▶ _WHAT YOU ARE ASKED TO DO_
From the records below, print only the part that opens with the line containing "The design of" and closes with the line containing "待ち牌の種類については、2種類あるリャンメンとシャンポンが比較的優秀です。"; omit the pictures.

Items from a dataset
________________
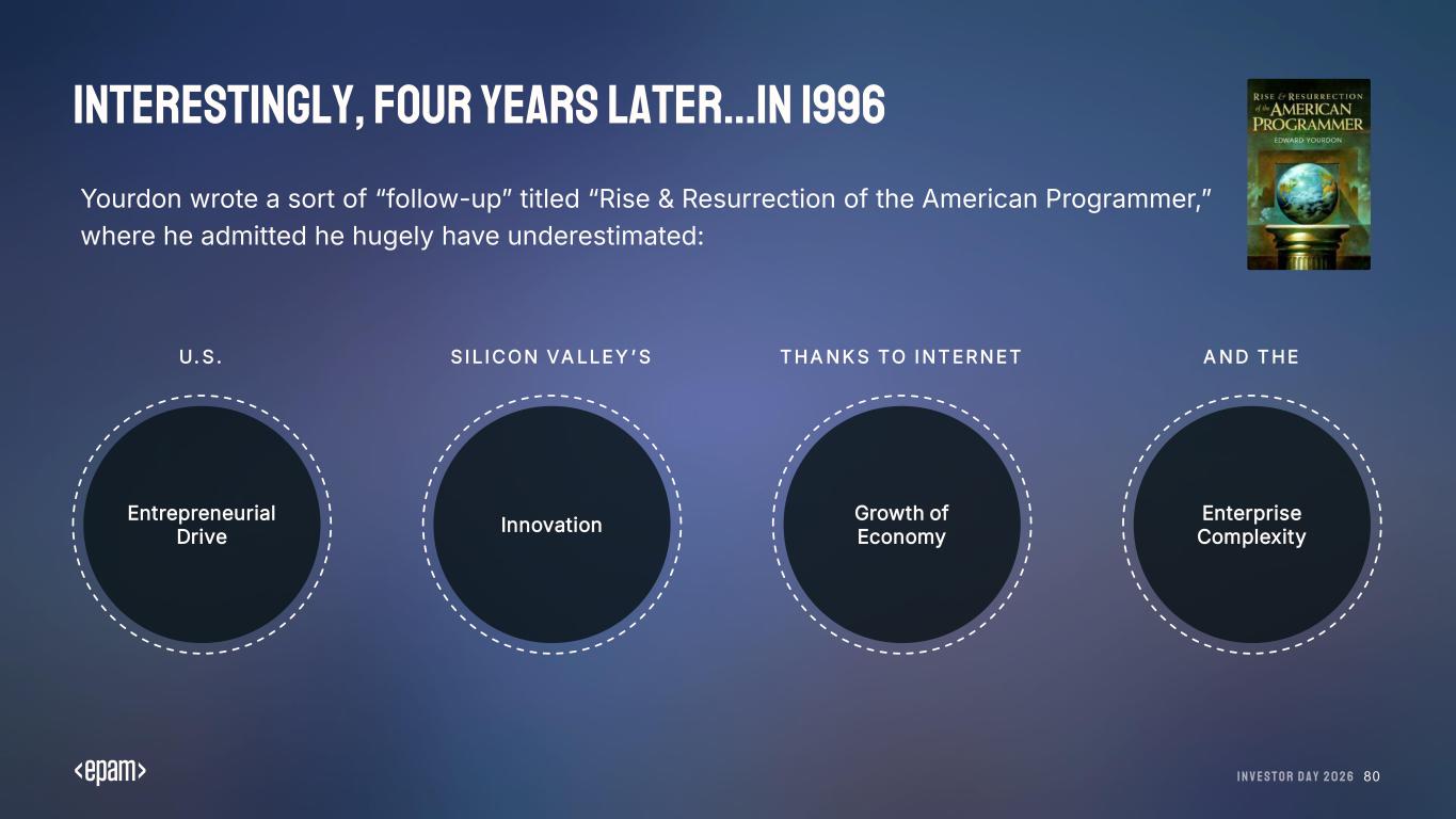 Interestingly, Four Years Later…in 1996 80 Yourdon wrote a sort of “follow-up” titled “Rise & Resurrection of the American Programmer,” where he admitted he hugely have underestimated: Entrepreneurial Drive U. S . Innovation S IL ICON VA LLEY ’ S Growth of Economy T HA NK S TO INT ERNET Enterprise Complexity A ND T HE
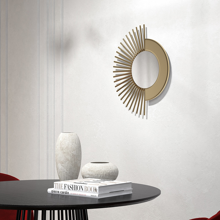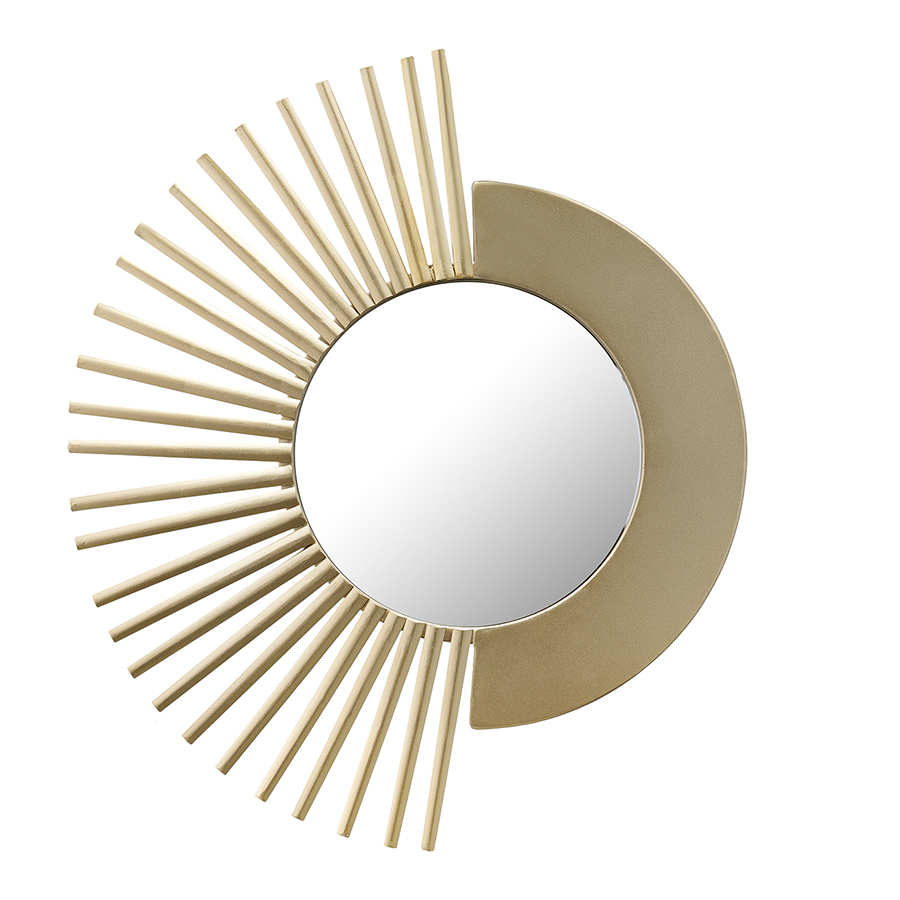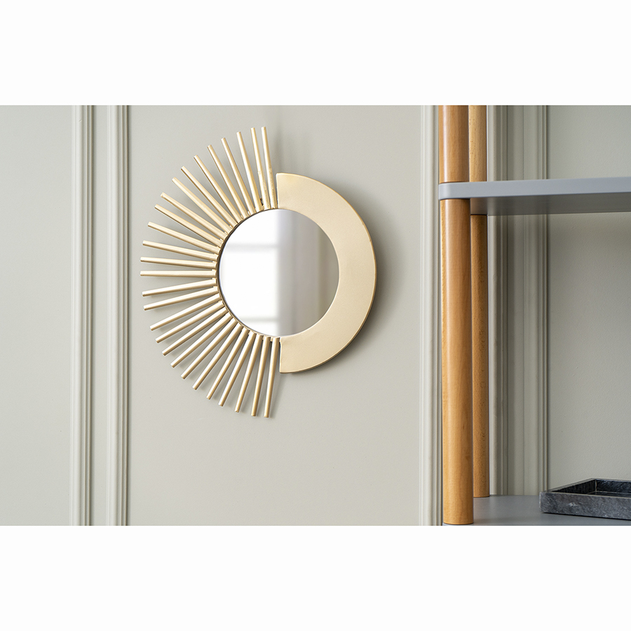 Аксессуар имеет прочную и надежную раму из железа. Золотистый оттенок латуни и элементы, напоминающие солнечные лучи, создают волшебный визуальный образ, наполняющий пространство уютом и теплом. За счет универсального цветового решения зеркало великолепно смотрится как на светлой, так и на темной стене.
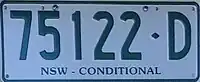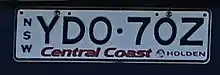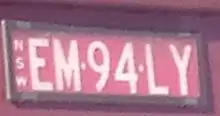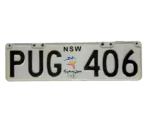 The Australian state of New South Wales requires its residents to register their motor vehicles and display vehicle registration plates.[1] Current regular issue plates are to the standard Australian dimensions of 372 mm (14.6 in) in length by 134 mm (5.3 in) in height, and use standard Australian serial dies.[2]
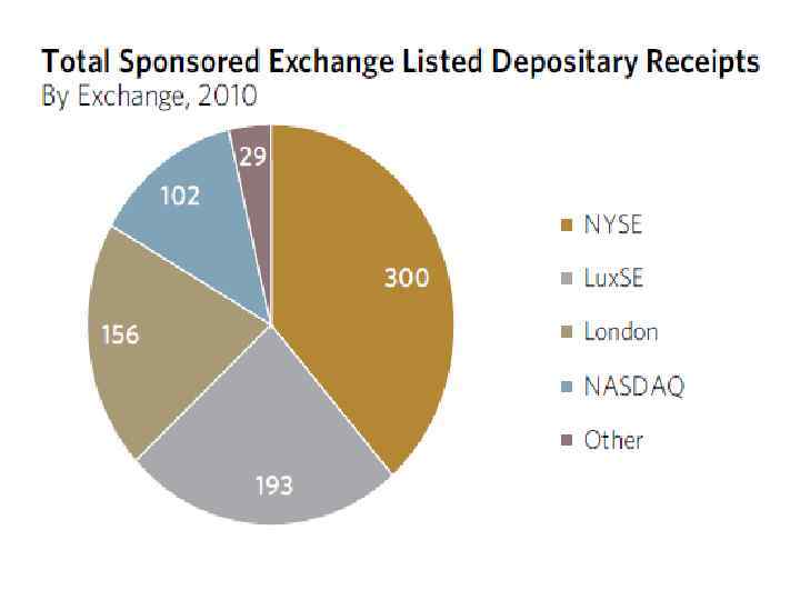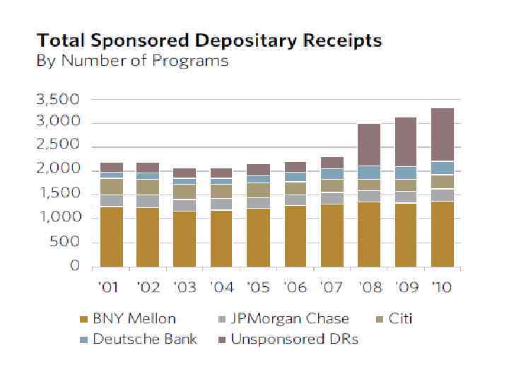Акции иностранных эмитентов на рынке США • Только в форме АДР • Кто выпускает: Bank of New York Mellon (64% на конец 2005 г. ), Morgan Guaranty (14%), Citibank (17%) и Deutsche Bank (5%). Большая часть программ российских эмитентов осуществлена через The Bank of New York. • Общее количество спонсируемых программ ДР на конец 2010 г. 2200
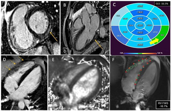 CMR assessment in a 34-year-old patient with IL-MY showing the presence of subepicardial scar in the inferolateral wall that can be seen in LGE sequence in basal short axis view (Panel (A), yellow arrow) and 3-chamber view (Panel (B), yellow arrow). Patient was also diagnosed with pericarditis involving the diaphragmatic layer of the pericardium (green arrow) with mild pericardial effusion (blue stars). The LV GLS is −16.5%, reduced in comparison to normal values, especially in the presence of myocardial scar (Panel (C), yellow arrow). No necrosis/scar was detected in LGE sequences in the RV (Panel (D), yellow arrow), and no edema was evident in T2 mapping, despite thin wall thickness limiting the diagnosis (Panel (E)). On the contrary, RV FWS was reduced (−16.7%) compared to normal values, highlighting a possible subtle RV involvement (Panel (F)).
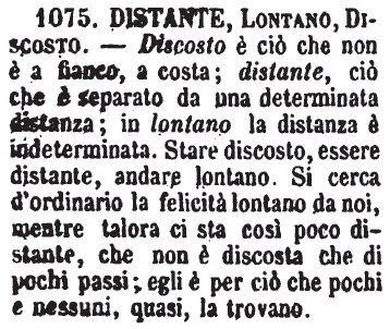 Distante, Lontano, Discosto - Discosto è ciò che non è a fianco, a costa; distante, ciò che è separato da una determinata distanza; in lontano la distanza è indeterminata. Stare discosto, essere distante, andare lontano. Si cerca d'ordinario la felicità lontano da noi, mentre talora ci sta così poco distante, che non è discosta che di pochi passi; egli è per ciò che pochi e nessuni, quasi, la trovano. [immagine]
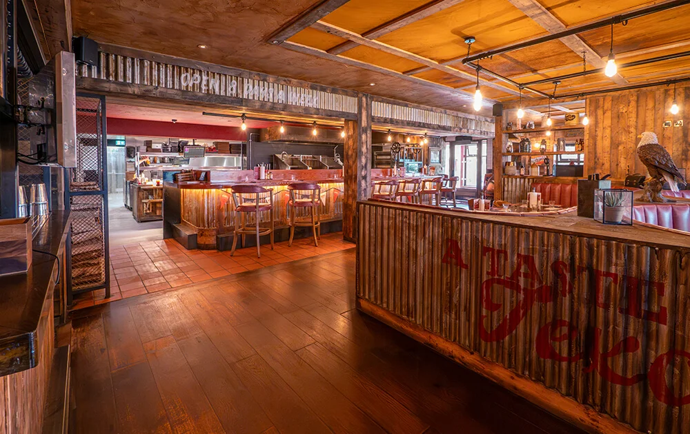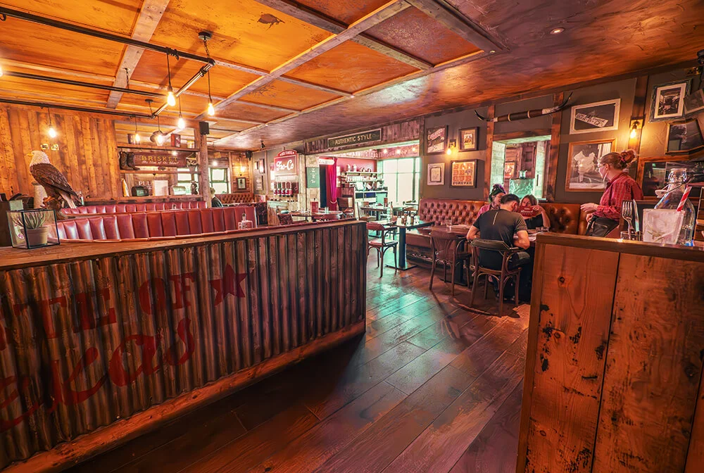 The design of the Thornton-Cleveleys restaurant is styled to capture the atmosphere of a Deep South smokehouse. Interiors feature open kitchens, a bar with American-inspired décor and family-friendly dining areas. Outdoor seating and landscaped spaces add to its appeal as a local meeting place.
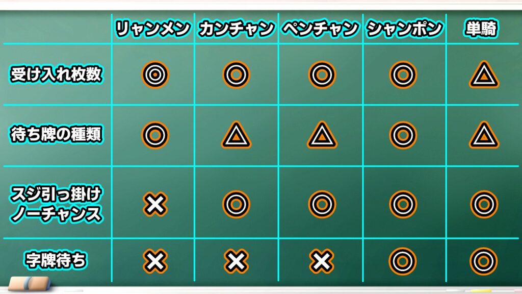 待ち牌の種類については、2種類あるリャンメンとシャンポンが比較的優秀です。
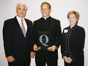 2003 | 2004 | 2005 | 2006 | 2007 | 2008 | 2009 | 2010 | 2011 | 2012 2003 Q Award Recipient Cathedral of Our Lady of the Angels Los Angeles, CA – The Alliance for Quality Construction (AQC) has awarded the Cathedral of Our Lady of the Angels the 2003 “Q” Award. This award is presented to the construction project that best meets criteria of the AQC’s mission. Their mission is dedicated to promote industry awareness of the value, quality and integrity provided by union contractors and their skilled craftsmen. The AQC is comprised of 23 construction union trade groups, councils and associations based in Southern California. The first annual “Q” Award event was held at the Wyndham Hotel in Commerce, California, on Wednesday, May 14, 2003 with an 11:30 am reception, 12:00 pm lunch, and the “Q” Award presentation. Accepting for the Cathedral of Our Lady of the Angeles, and the Catholic Archdiocese of Los Angeles, was Monsignor Kostelnik.
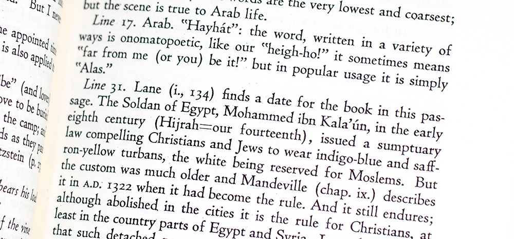The Alf Layla wa-Layla ("One Thousand Nights and a Night") have enchanted readers for centuries with shimmering visions of "a land of fable environment whose deserts and oases, bazaars and slums, jeweled caverns and minaret-topped edifices are immediately recognizable" (Clute & Grant, 51). Esteemed explorer and scholar Richard Burton translated and annotated the Arabian Nights, intending to create "a legacy to his countrymen, of whose imperial mission he was ever mindful, and to perpetuate the fruit of his own oriental experiences" (DNB).
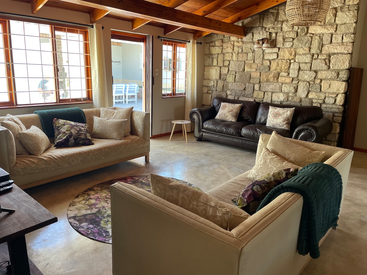 A sundowner with the magical un-interrupted view of the Namibian Desert, a peaceful start to your Namibian journey. 5 minutes walk to the town center and all it's amenities. Bookings of 4 guests or less have access to the bottom floor, whilst 5 to 8 guests get access to upstairs as well. Small bookings can use upstairs for the price of 5 guests.
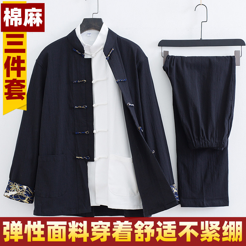 春秋棉麻唐装男士套装中国风三件套中式复古外套中山装汉服居士服
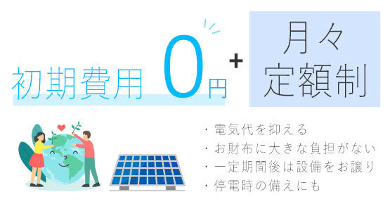 0円ソーラーは初期費用0円+月々定額制で始められる、太陽光発電システムです。一度に大きな負担を負う必要がないので、気軽に始めていただけます。
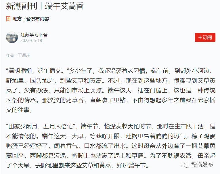 那剩下的几把艾草和黄蒿,父母把它挂在屋檐下和土墙上。在几个大晴天里,它们被晒干并妥善保存。盛夏夜晚,当家里没有蚊帐时,我会用几棵干艾草和黄蒿点燃来驱赶蚊虫。我躺在床上,睡得非常香甜。整个夏天,我既没有患上痱子,也没有被蚊虫叮咬留下任何红肿痒痛的痕迹。 作者单位:赣榆区青口镇人民政府。
________________
▶ _RESPONSE AREA_
 The design of the Thornton-Cleveleys restaurant is styled to capture the atmosphere of a Deep South smokehouse. Interiors feature open kitchens, a bar with American-inspired décor and family-friendly dining areas. Outdoor seating and landscaped spaces add to its appeal as a local meeting place.
 待ち牌の種類については、2種類あるリャンメンとシャンポンが比較的優秀です。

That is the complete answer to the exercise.